Table II-A.  Pharmacokinetic parameters of beauvericin after oral administration to rats (n = 5; mean±S.D.).

	Beauvericin			Beauvericin co-administered with ketoconazole (0.5 mg/kg)
Parameters	0.5 mg/kg	1.0 mg/kg	2.0 mg/kg	0.5 mg/kg
Cmax (mg·L^− 1)	3.4 ± 0.4	5.4 ± 0.8	13.9 ± 4.9	3.8 ± 0.4
Tmax (h)	4.1 ± 2.8	4.3 ± 0.8	5.4 ± 1.3	3.4 ± 0.9
MRT0 − t (h)	6.6 ± 1.9	9.2 ± 0.5	7.0 ± 0.9	6.3 ± 0.7
MRT0 − ∞(h)	7.5 ± 2.7	13.2 ± 2.4	7.4 ± 0.9	7.9 ± 2.5
CLtot (mL/min/kg)	0.29 ± 0.06	0.21 ± 0.04	0.32 ± 0.09	0.25 ± 0.06
AUC0 − t (h·mg·L^− 1)	28 ± 3	64 ± 15	101 ± 34	31 ± 6
AUC0 − ∞(h·mg·L^− 1)	29 ± 3	80 ± 21	103 ± 35	33 ± 12
t1/2 (h)	2.9 ± 1.0	3.6 ± 1.1	3.0 ± 0.7	3.4 ± 1.7

Table II-B.  Pharmacokinetic parameters of ketoconazole after oral administration to rats (n = 5; mean±S.D.).

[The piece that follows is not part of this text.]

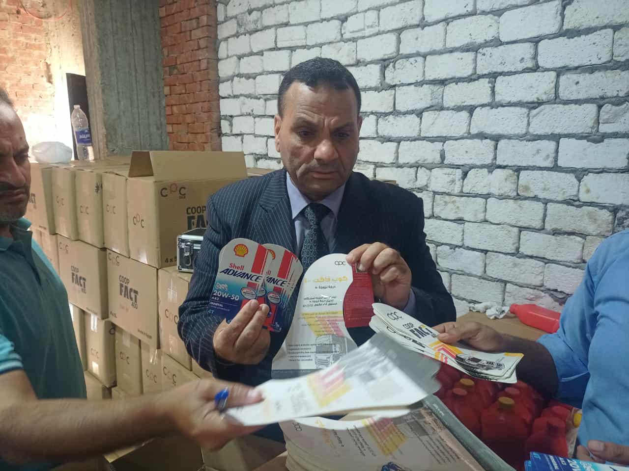 و أسفرت الحملة عن ضبط مخزن بدون ترخيص يقوم بإعادة تعبئة وتدوير زيوت السيارات داخل جراكن تحمل علامات تجارية مقلدة حيث تم ضبط كمية تسعة آلاف لتر زيت سيارات سائب معاد تدويره داخل تنكات وثلاثة آلاف لتر زيت داخل جراكن معبأة بعلامات تجارية مقلدة وستمائة وخمسين جركن فارغ معد للبيع وثلاثة آلاف أستيكر لعلامات تجارية مقلدة بالإضافة إلى ماكينة طباعة وماكينة تغليف
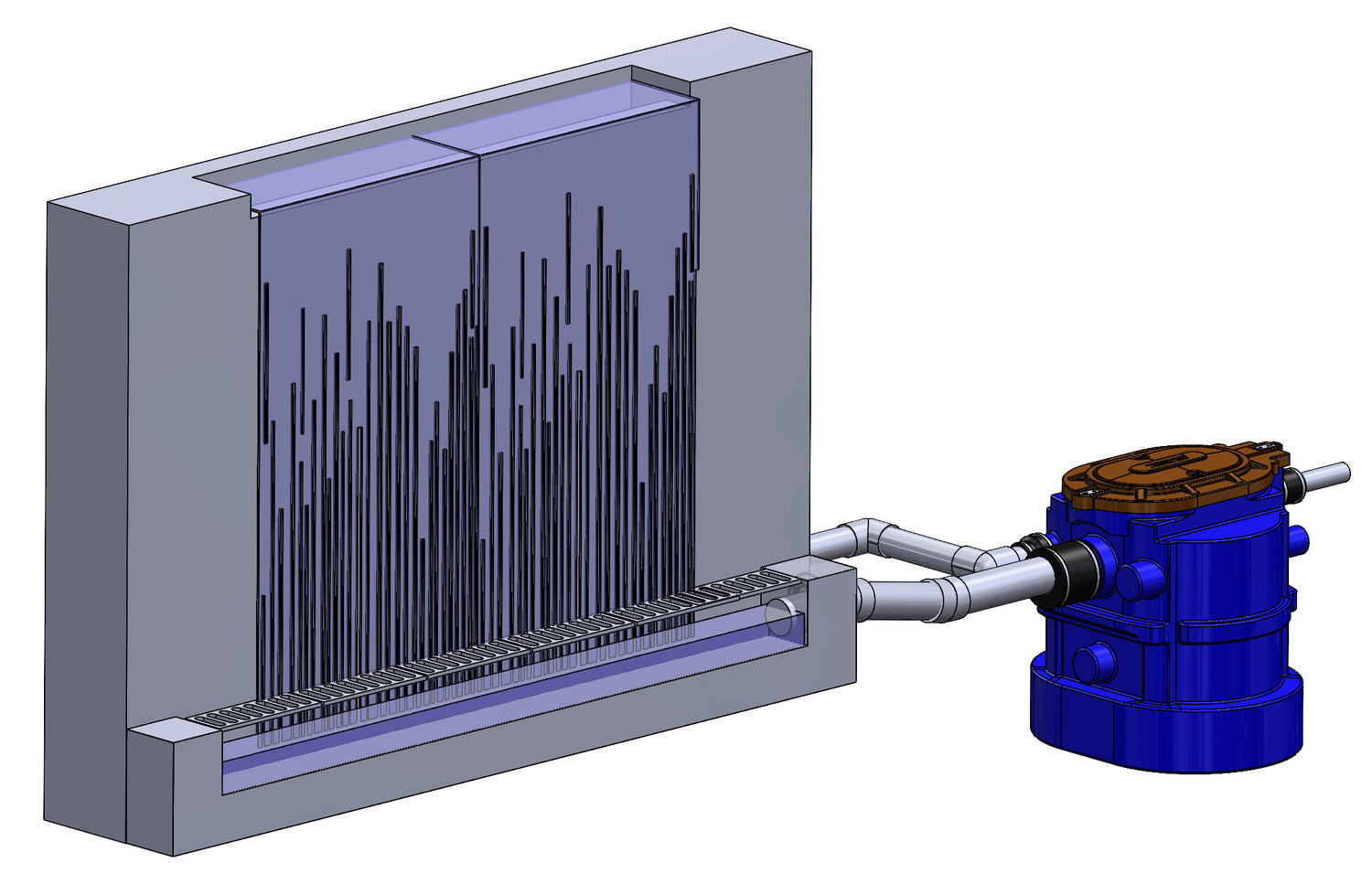 This Kit features a Filter tank located at the same level as the bottom pool. The water level in the bottom pool fluctuates up and down within the diameter of the pipe. The water then enters the tank, goes through the filters, and then gets pumped back up to the top of the waterwall.

	Ketoconazole	Ketoconazole co-administered with Beauvericin (0.5 mg/kg)
Parameters	0.5 mg/kg	0.5 mg/kg
Cmax (mg·L^− 1)	70 ± 16	122 ± 35
Tmax (h)	1.9 ± 0.6	1.1 ± 0.4
MRT0 − t (h)	2.4 ± 0.1	2.0 ± 0.1
MRT0 − ∞(h)	2.6 ± 0.2	2.1 ± 0.1
CLtot (mL/min/kg)	0.04 ± 0.01	0.03 ± 0.01
AUC0 − t (h·mg·L^− 1)	220 ± 34	309 ± 79
AUC0 − ∞(h·mg·L^− 1)	229 ± 34	313 ± 77
t1/2 (h)	0.97 ± 0.05	0.94 ± 0.20

Data are expressed as the mean ± S.D. C_max (mg·L^{− 1}), maximum plasma concentration; T_max (h), time to reach maximum plasma concentration; MRT_{0 − t} (h), mean residence time from zero up to a definite time; MRT_{0 − ∞}(h), mean residence time from zero up to a infinite time; CL_tot (mL/min/kg), tota1 body clearance; AUC_{0 − t} (h·mg·L^{− 1}), area under the concentration–time curve from zero up to a definite time; AUC_{0 − ∞} (h·mg·L^{− 1}), area under the concentration–time curve from zero up to a infinite time; t_1/2(h), half-time of elimination phase.